At the age of 12 Selasi met her father for the first time. “It happened here in London, at Heathrow airport,” she tells me. “When I saw him, to be perfectly honest it was like seeing a stranger. I didn’t know him. I was expecting something, if not affection then at least anger. But there was nothing. He had the name – father – but he had never played the role. It was only through our passion for yoga that we formed a bond. That didn’t happen until much later.”

In fact it was only as Selasi started to write Ghana Must Go – a novel about the death of a father – that the relationship with her own father was born. “When I started the book, he and I were close for the first time,” she admits. “I realise there’s something going on there, but I prefer to just let my subconscious spit up whatever it wants for my use.”

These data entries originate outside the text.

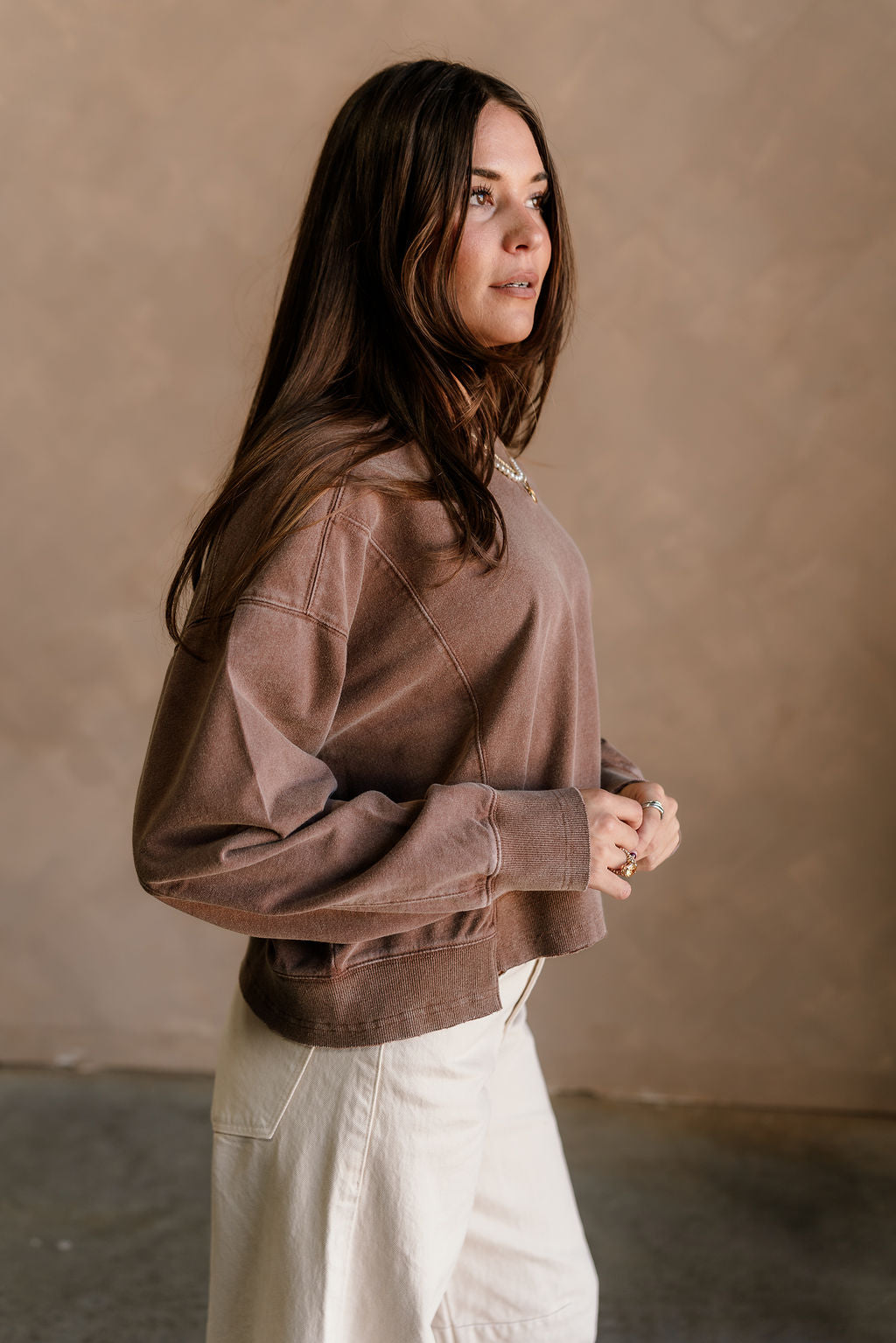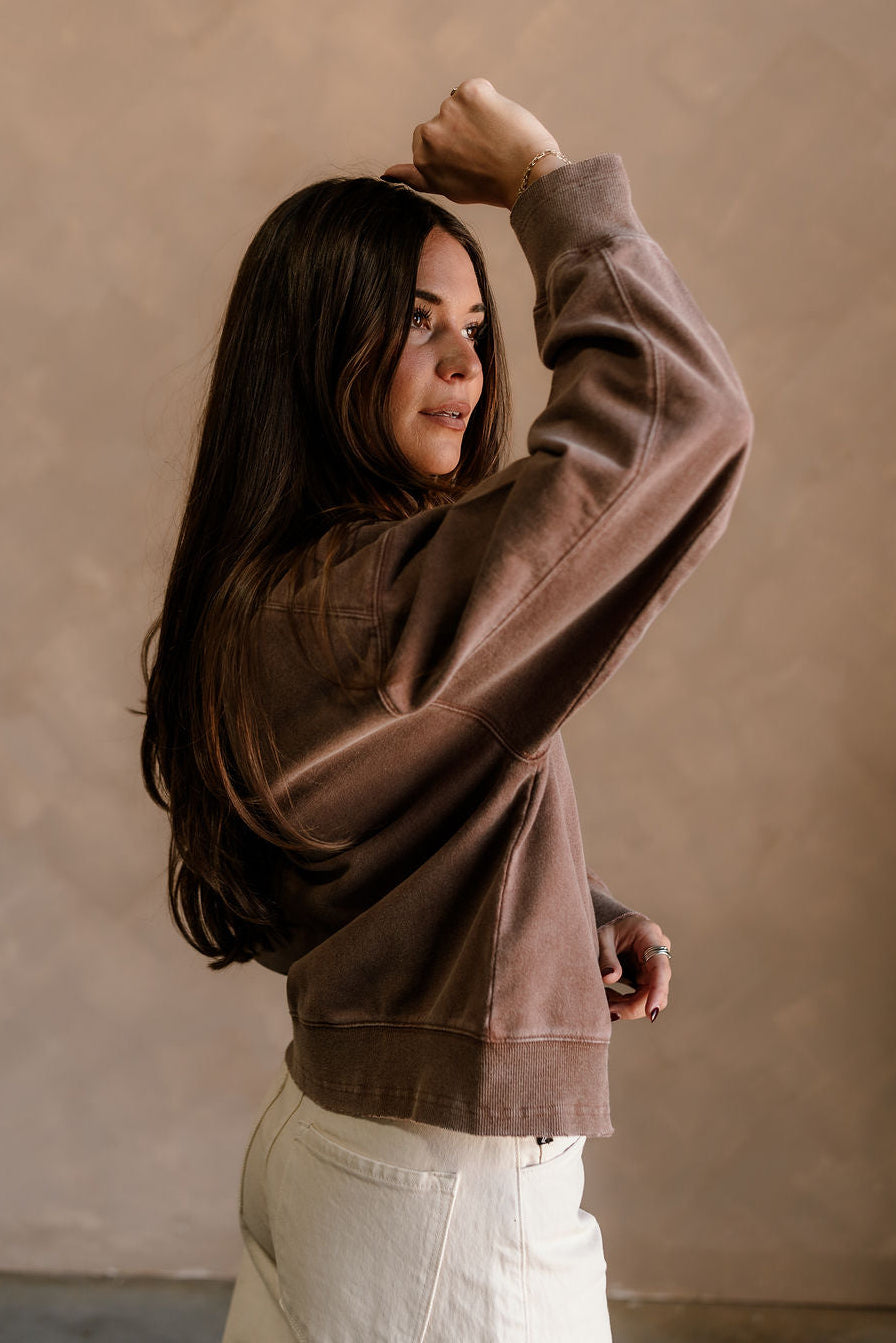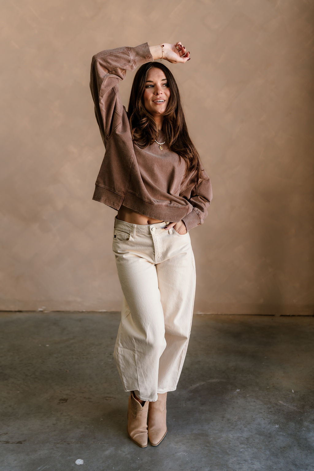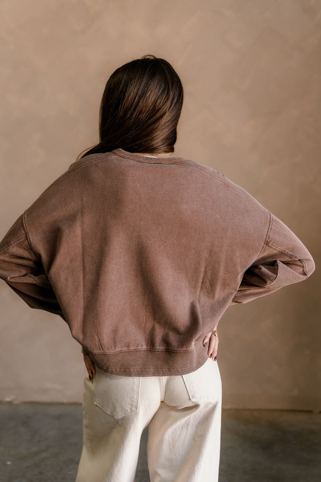 The Harper Washed Brown Long Sleeve Sweatshirt is crafted from soft washed brown cotton fabric, giving it that perfectly broken-in feel you’ll love from the first wear. Designed with a relaxed silhouette, it features dropped shoulders and long sleeves that add an effortless, laid-back drape. The round neckline keeps the look clean and classic, making it a versatile staple for your everyday wardrobe.
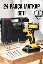 24 Parça Çift Bataryalı Şarjlı Matkap Seti 24W Motor ve Otomatik Mil Kilitli Tasarım adet
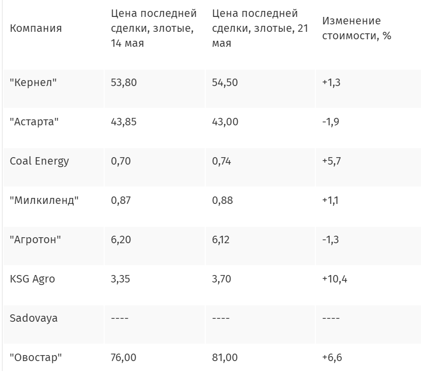 Акции украинских компаний на Варшавской фондовой бирже продолжали расти с 14 по 21 мая 2021
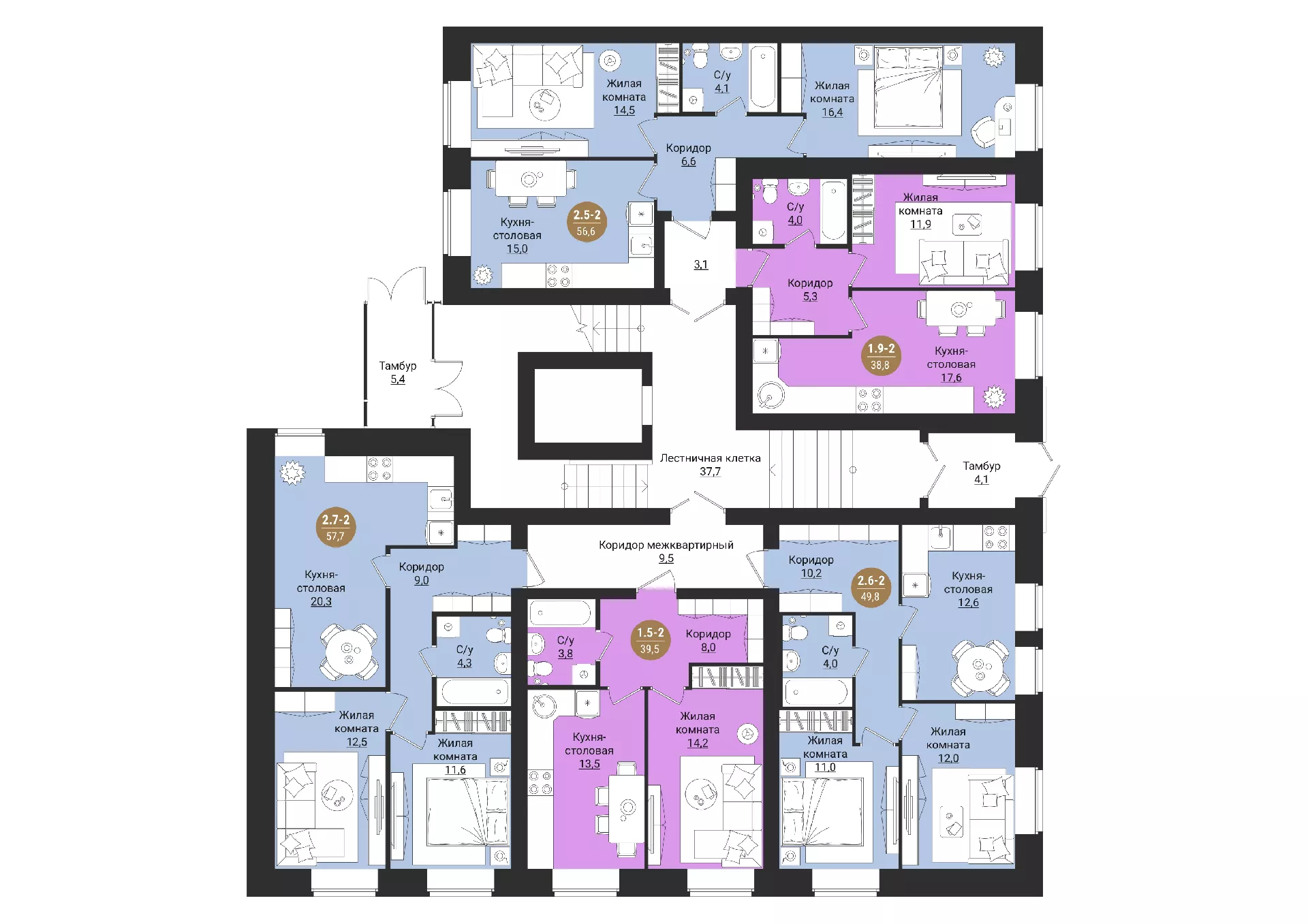 2-х комнатная квартира 56.6 м2

The novel is split into three sections: Gone, Going, and Go. We talk about Selasi’s own desire to be forever on the go or, to put it another way, her resistance to being tethered to any place.

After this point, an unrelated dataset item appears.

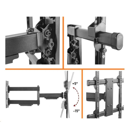 Otočný sklopný výsuvný držák Tv Fiber Mounts RAPTOR Kvalitní držák Tv 43" - 60", vzdálenost od zdi 62 - 615mm, otočný až +90° / -90°, naklápění +5° / -15°, kvalitní pevná konstrukce, úchytky na kabeláž, instalační materiál, VESA 200x100 až 400x400, nosnost 50kg, záruka 10 let Kvalitní nástěnný držák na televize Fiber Mounts RAPTOR Představujeme Fiber Mounts RAPTOR - kvalitní držák pro televizi, který promění váš obývací pokoj v dynamické multimediální centrum. S Fiber Mounts RAPTOR se každý filmový večer stane nezapomenutelným zážitkem, a každý sportovní přenos tak živým, jako byste byli přímo na stadionu. Nenechte se svazovat statickým umístěním vaší televize. Díky otočnému mechanismu +90° / -90° a naklápění +5° / -15° si můžete obrazovku nastavit přesně podle vašich potřeb. Ať už chcete sledovat oblíbený film z pohodlí gauče, křesla nebo potřebujete upravit úhel pohledu pro videohovor, Fiber Mounts RAPTOR vám to umožní s lehkostí. Navíc, s vzdáleností od zdi 62 - 615mm poskytuje Fiber Mounts RAPTOR nejen flexibilitu v umístění, ale také jednoduchý přístup k zadním portům vaší televize pro rychlé připojení nebo odpojení zařízení. A díky pevné konstrukci a nosnosti až 50kg můžete mít jistotu, že váš 43" - 60" televizor bude v bezpečí. Nezapomněli jsme ani na estetickou stránku. S úchytkami na kabeláž bude váš obývací pokoj vždy vypadat uklizeně a organizovaně, bez rušivých kabelů visících z televize. A s přiloženým instalačním materiálem a zárukou 10 let je montáž a používání Fiber Mounts RAPTOR hračka. Televizní držák kvalitní robustní konstrukce Fiber Mounts RAPTOR Technické údaje: nosnost 50kg podpora VESA standardů pro zavěšení Tv 200x100 až 600x400 ideální na televize a obrazovky s úhlopříčkou 43" až 60" nastavitelná vzdálenost od zdi 62 - 615mm otáčení obrazovky do stran až +90° / -90° naklápění +5° / -15° korekce roviny obrazovky +3° / -3° kvalitní velmi pevná konstrukce úchytky na kabeláž nástěnný úchyt o rozměrech 275 x 90mm barevné provedení černé záruka 10 let.
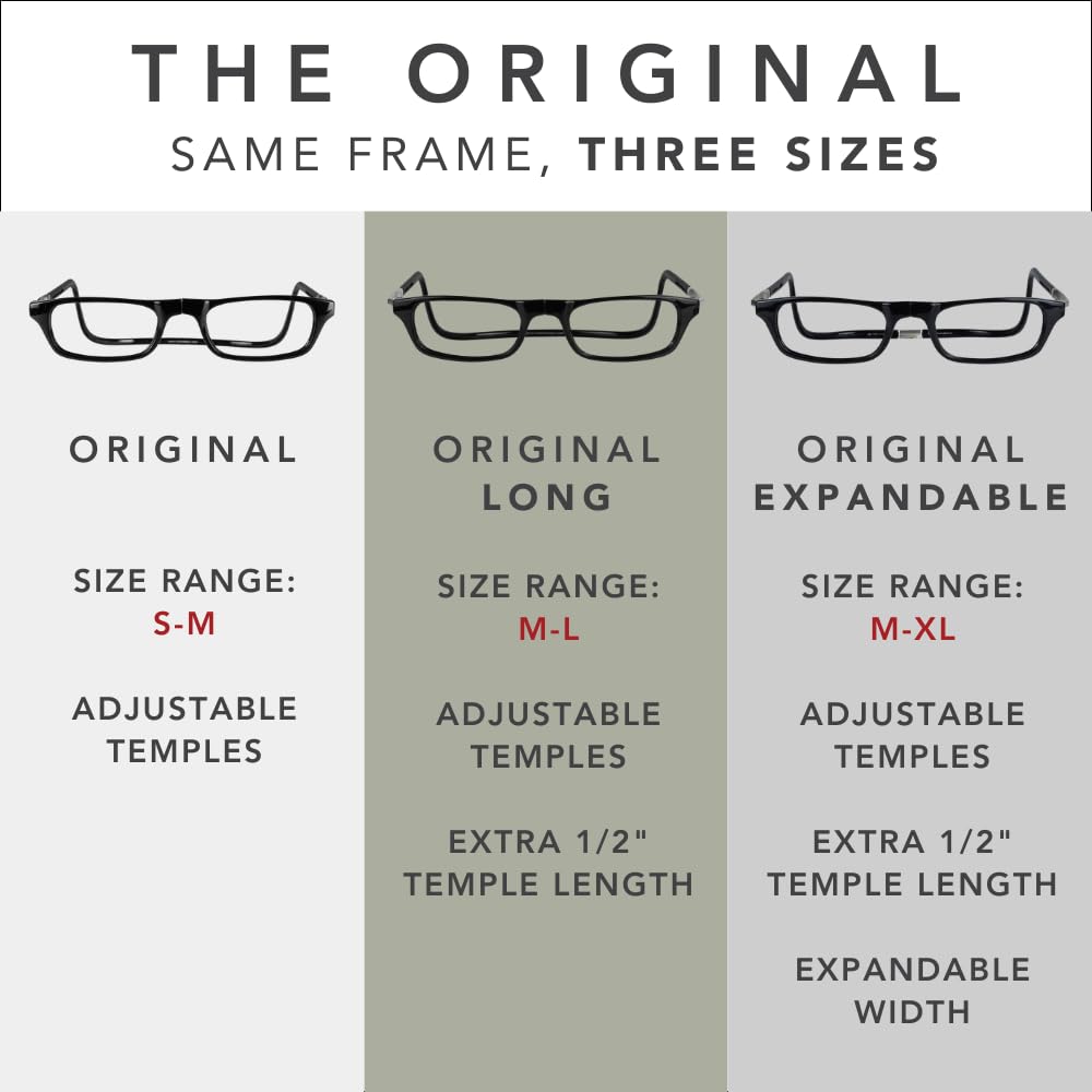 • SIZE RANGE: Medium to Large (M-L). All CliC glasses have adjustable temples that can be fully closed or extended to fit a range of sizes. This style provides an additional ½” in length and 35° stem for a wider feel. See our size chart for specific measurements.

Where does it come from? “My mother grew up without a strong sense of home,” she says. “She was born in London and for lack of a better word, she looks mixed. She’s not only Scottish and not only Nigerian. But this didn’t inspire in her a desperate need to travel. Rather, she was looking for a sense of home. For some immigrants who are born into movement, the instinct is to find a place to plant their flag, a piece of earth to call their own. I have a completely different impulse. I want to go.”

She laughs and looks pleased. In fact she really does have to go. She is flying to Berlin in a few hours. “The characters in my novel are always leaving,” she says as she stands up. “I’m always going, which I think is the most hopeful action a human being can take. It represents possibilities. Go, for me, means life.” And with that, she’s gone.